[Stored data]
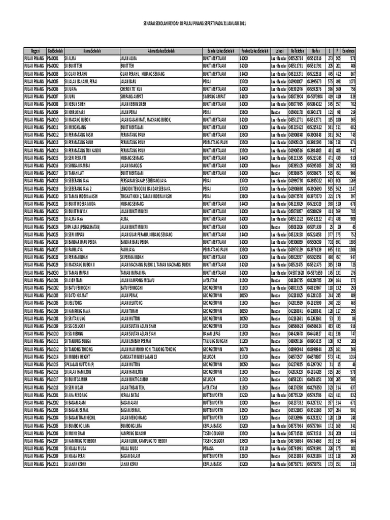 Senarai Sekolah Rendah Di Pulau Pinang Pdf
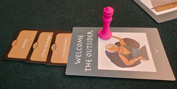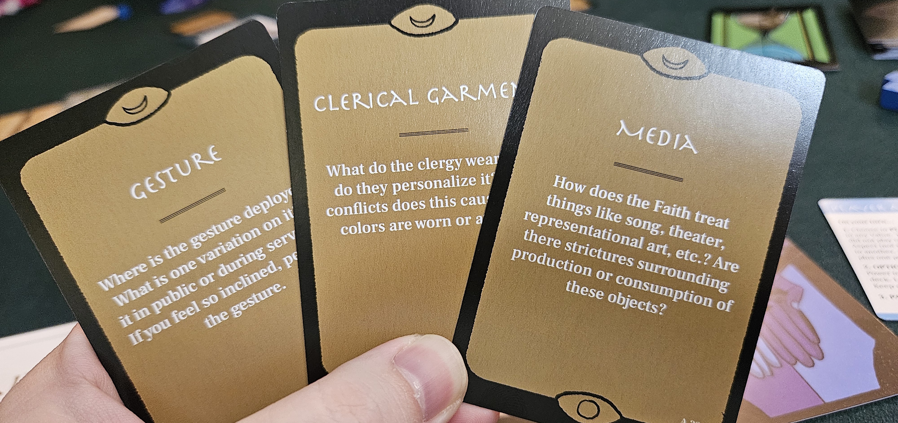 What’s interesting is that these objectives can be entirely complementary. There’s a world where my single-minded zeal and your spineless centrism go hand in hand. But what if one of our co-players is Rebellious? Their goal is to slap as many aspects onto non-dominant values as possible, driving our faith into a period of schism. These objectives push Keep the Faith into more familiar territory, games-wise, but make no mistake, they function foremost as narrative devices. Every round, the clock shifts forward. A century passes, some new question or crisis arises, and the landscape of our faith shifts out from under our feet. Our overall goal remains firm — unless we opt to alter it, a possibility provided by the game — but our sect’s relationship to its core beliefs is always in flux. (Of course, there’s no such thing as a community that maintains exactly the same values over centuries. Today’s rebellion becomes tomorrow’s centrists, as they say. But like every other parenthetical in this review, this isn’t a critique as such, just a note.)
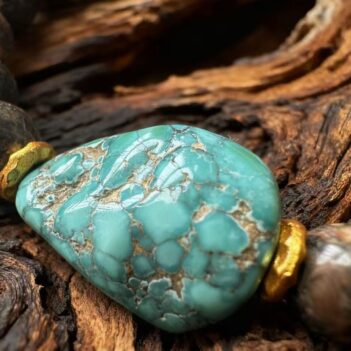 A rare natural high-grade turquoise pendant where deep blue, green, and black fuse into one. Its bol...
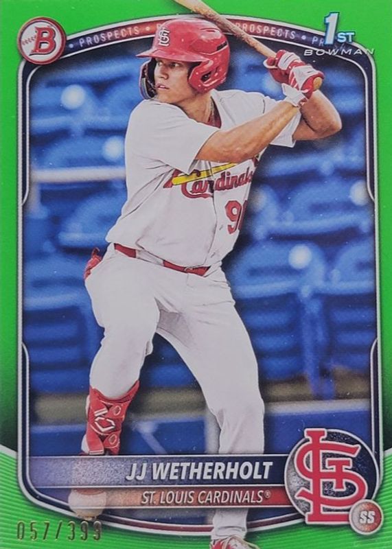 2025 Bowman 1st Prospects JJ Wetherholt Green Paper /399 #BP-22 - Cardinals
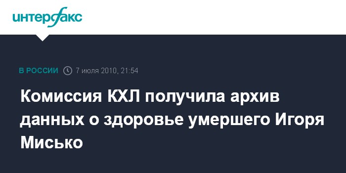 Москва. 7 июля. INTERFAX.RU - Председатель медицинского комитета КХЛ Николай Дурманов, который вошел в специальную комиссию по расследованию смерти нападающего СКА Игоря Мисько, заявил, что комиссия уже получила медицинские данные хоккеиста.
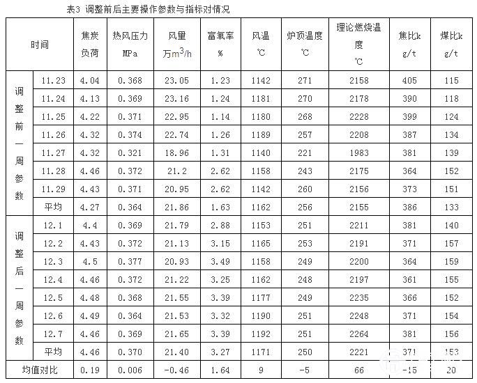 去年11月30日開始進行調(diào)整爐況,表3是11月23日至29日與12月1日至7日主要操作參數(shù)與指標(biāo)對比。從表3看出,焦炭負(fù)荷在幅度上升,熱風(fēng)壓力略有升高,風(fēng)量略有下降,富氧率大幅度增加,風(fēng)溫提高,爐頂溫度降低,理論燃燒溫度在幅度升高,焦比降低,煤比提高。主要操作參數(shù)與主要經(jīng)濟技術(shù)指標(biāo)表明:爐況趨于穩(wěn)定,能耗降低,與實際情況相一致,該解決方案可行。
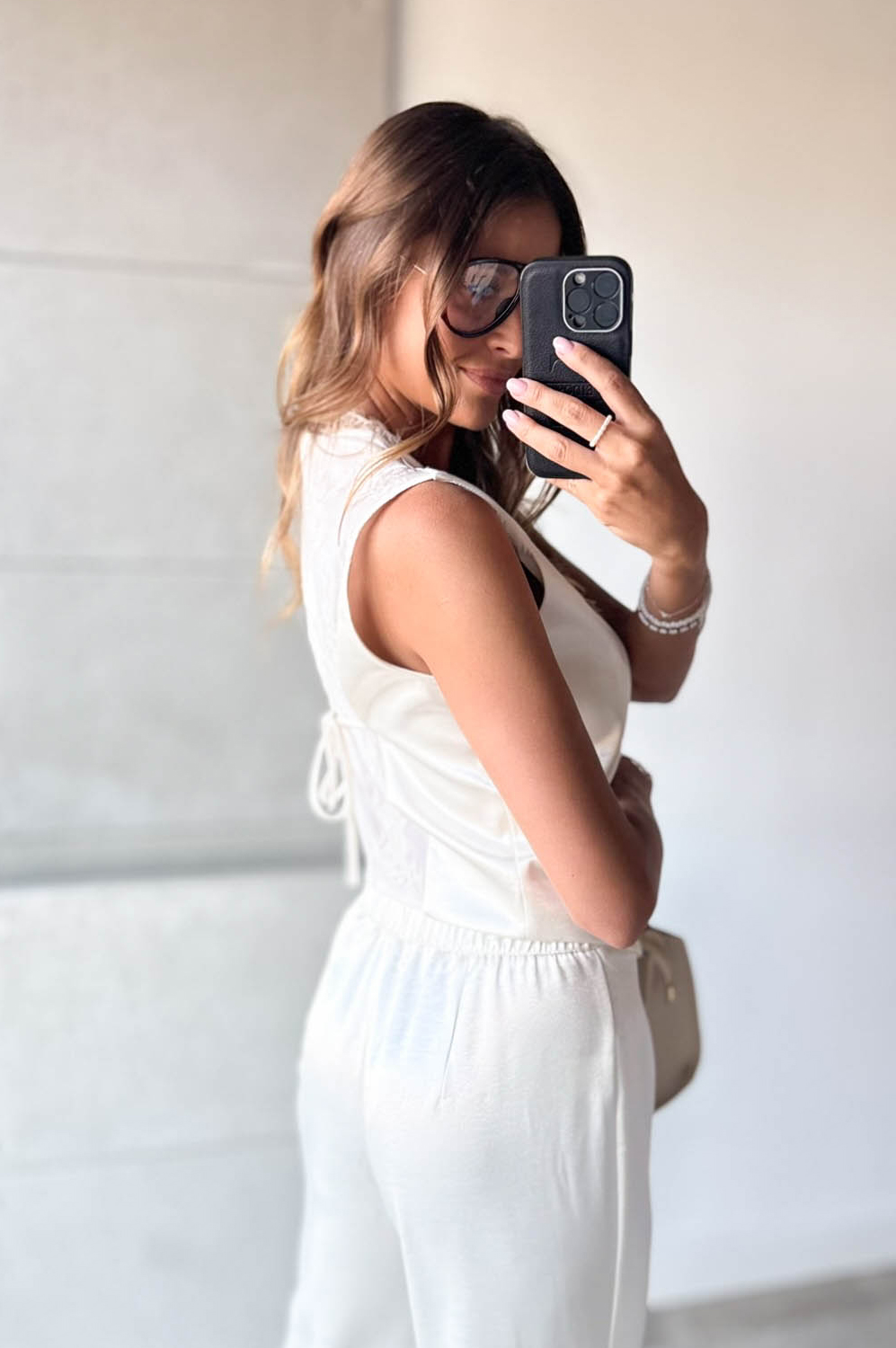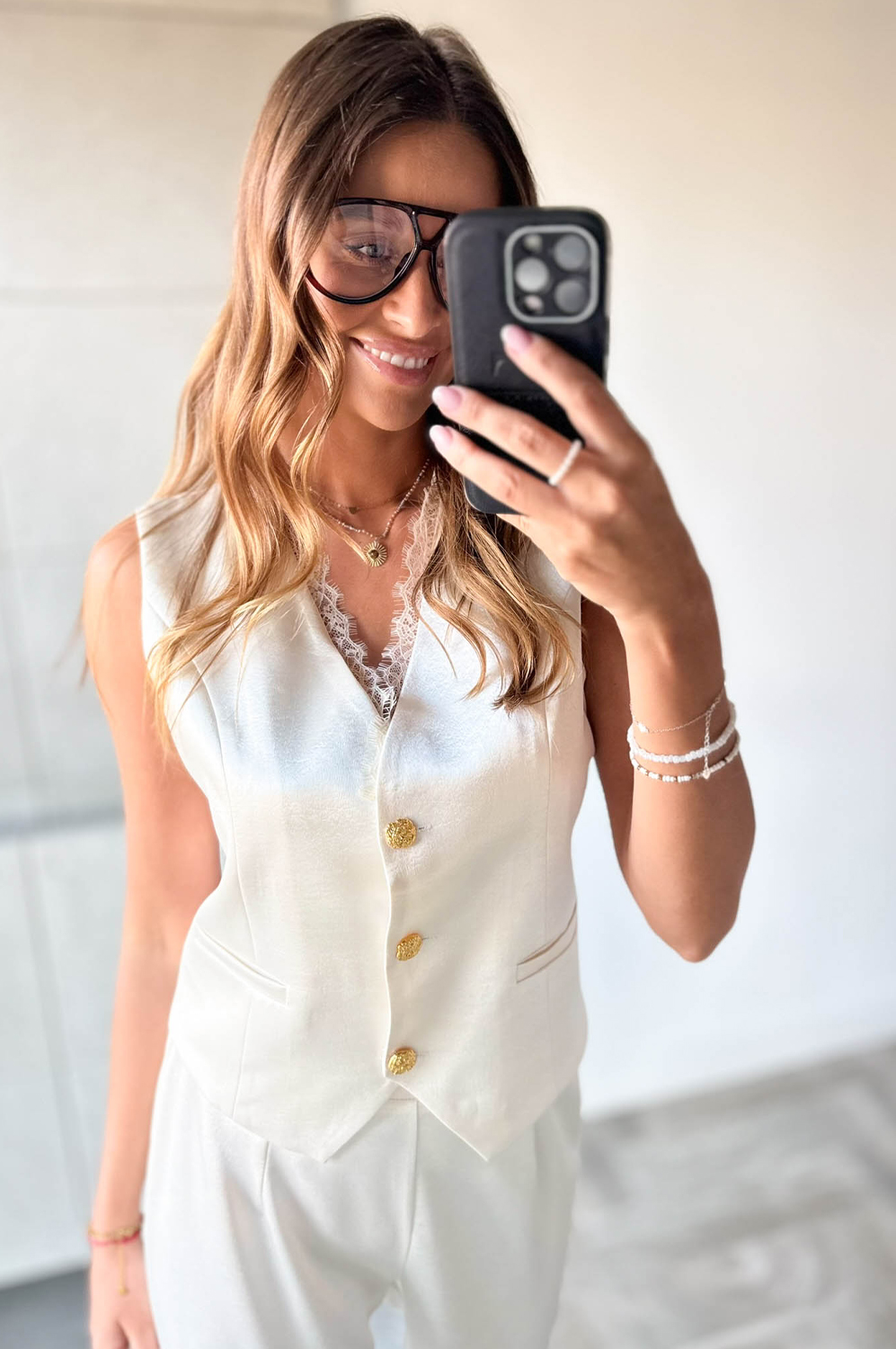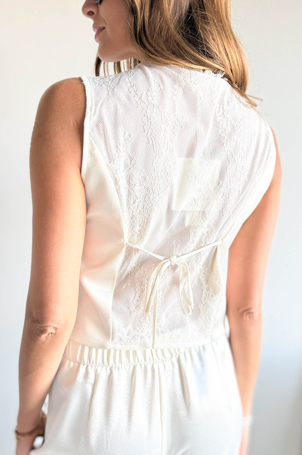 Komplet 2-częściowy SATYNOWY Z KORONKĄ249.00 zł Najniższa cena towaru, która obowiązywała w okresie 30 dni przed zastosowaniem obniżki: 249.00 zł Opis Piękny komplecik dwuczęściowy. Kamizelka w formie krótkiej marynarki na podszewce z koronkowym tyłem, zapinana na guziczki,spodnie z prostą długą nogawką z tyłu posiadają gumkę. WYMIARY:
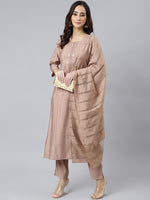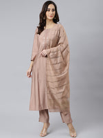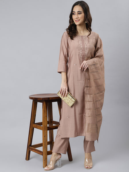 Amp up your fashion quotient with this dusty rose embroidered kurta set. The kurta is crafted in viscose blend fabric and comes with delicate embroidery, a round neck, and quarter sleeves and the pant is designed in the same fabric with straight cut silhouette. It is paired with silk dupatta that has woven detailing in golden color.
[/Stored data]
*What is being asked:* Beginning at the line that has "What’s interesting is" and ending at the line that has "去年11月30日開始進行調(diào)整", restate the listing above word for word, pictures left out.

*Answer space:*
 What’s interesting is that these objectives can be entirely complementary. There’s a world where my single-minded zeal and your spineless centrism go hand in hand. But what if one of our co-players is Rebellious? Their goal is to slap as many aspects onto non-dominant values as possible, driving our faith into a period of schism. These objectives push Keep the Faith into more familiar territory, games-wise, but make no mistake, they function foremost as narrative devices. Every round, the clock shifts forward. A century passes, some new question or crisis arises, and the landscape of our faith shifts out from under our feet. Our overall goal remains firm — unless we opt to alter it, a possibility provided by the game — but our sect’s relationship to its core beliefs is always in flux. (Of course, there’s no such thing as a community that maintains exactly the same values over centuries. Today’s rebellion becomes tomorrow’s centrists, as they say. But like every other parenthetical in this review, this isn’t a critique as such, just a note.)
 A rare natural high-grade turquoise pendant where deep blue, green, and black fuse into one. Its bol...
 2025 Bowman 1st Prospects JJ Wetherholt Green Paper /399 #BP-22 - Cardinals
 Москва. 7 июля. INTERFAX.RU - Председатель медицинского комитета КХЛ Николай Дурманов, который вошел в специальную комиссию по расследованию смерти нападающего СКА Игоря Мисько, заявил, что комиссия уже получила медицинские данные хоккеиста.
 去年11月30日開始進行調(diào)整爐況,表3是11月23日至29日與12月1日至7日主要操作參數(shù)與指標(biāo)對比。從表3看出,焦炭負(fù)荷在幅度上升,熱風(fēng)壓力略有升高,風(fēng)量略有下降,富氧率大幅度增加,風(fēng)溫提高,爐頂溫度降低,理論燃燒溫度在幅度升高,焦比降低,煤比提高。主要操作參數(shù)與主要經(jīng)濟技術(shù)指標(biāo)表明:爐況趨于穩(wěn)定,能耗降低,與實際情況相一致,該解決方案可行。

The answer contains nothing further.